The shooting, coming just two weeks after the Stanley verdict, hasn’t received nation-wide attention because both the man doing the shooting and the man that was shot are white.

But for rural residents, the Maurice case is another example of the frustration they feel as crime increases and they are left to fend for themselves.

“This is not a problem, but a full blown epidemic,” Cornea said.

Now that politicians are noticing his group, he’s hoping that might change.

  • We need more reasonable gun laws here in Canada. Things are not safe anymore. And using the dog whistle “racist’ has been over played! Knock it off. Crime is crime. And dangerous crimes leads to violence against the unprotected. These Farmers Need to be able to arm and protect themselves and their families so far from help. Conceal/Carry; Castle Laws; Stand your ground laws.

    • Very well said William. What we look at is the crimes being committed and our lives affected. So who is committing the crimes is of what is important here, and this results in the question of what can we do to protect ourselves when these terrorists invade our property and endanger lives and property. No one is mentioning any race, but if the shoe fits, wear it. The stats are not hard to get, and I would think if you are represented, or feel over represented, it may be a good time to have a look and see if there is any merit to this rather than continually shout racism. Our leadership in government , both on and off reserve, holds responsibility to uphold laws and dole out punishments for the thugs creating this environment. When they don’t, people will get tired of it and begin to look at ways to take this role into their own hands simply as a way to protect themselves without continual worry of terrorist attacks, invasions, thefts, etc. If you are a whiner that cannot see this, get over it and begin to be part of the solution instead of the problem.

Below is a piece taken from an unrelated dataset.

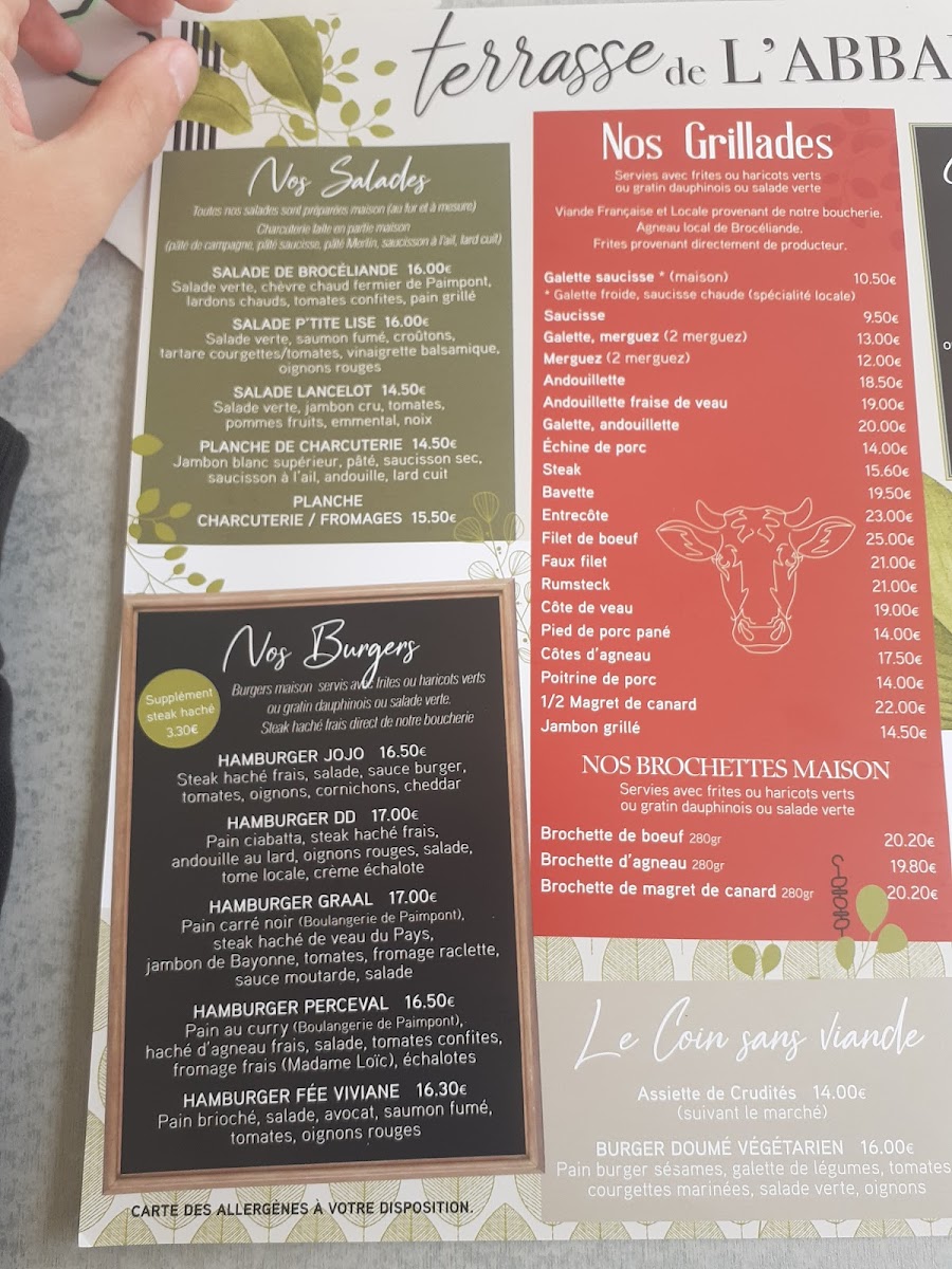 Welcome to Terrasse de l'abbaye, a delightful culinary gem nestled by the serene lakeside in Paimpont, France. This charming venue offers a menu brimming with local flavors and hearty portions. Guests rave about the exceptional quality of dishes that highlight grilled meats and fresh charcuterie sourced from their own butcher's shop.

  • When you live in the country you well and truly are on your own. The average city dweller has no idea what it is like to live outside the “less than 3-5 minutes” from first responder help.

    Try an hour plus for my family.

    When a few bad guys decide to kick your door in, you are in trouble. Most country places do not have cellular service and if you are lucky you might get to a telephone – otherwise you get to “sit and watch” your wife and kids get raped.

    It has happened.

    Defend yourself and you go to jail.

    Politicians do not give a damn about the safety of those in the country. Not enough votes to matter – and in the end they only care about the votes.

    Sound sarcastic? It is not – it is the plain and simple truth.

    The police and the courts do not give a damn about the safety of those in the country.

    They talk a lot but talk is cheap and actions count – there is not action – only talk and it has only been talk for many years.

    You are on your won – if you never forget that, have at least one firearm and at least one big dog – you might get out of it alive when and if the bad guys come calling.

    But………

    You will go to jail when it is over.

    Self defense is “legal” in Canada – but you will go broke defending yourself as the government, the police, the courts and the media go all out to hang you for defending yourself and your family.

    • You can buy insurance just for that type of thing. It is maybe 100 bucks a year. I have it.

  • Doug Cuthand is more RACIST than any white folk I know!

    I live in Sask, and hear him regularly in the media, and his racist rants and bias have tainted him to the point he has NO CREDIBILITY!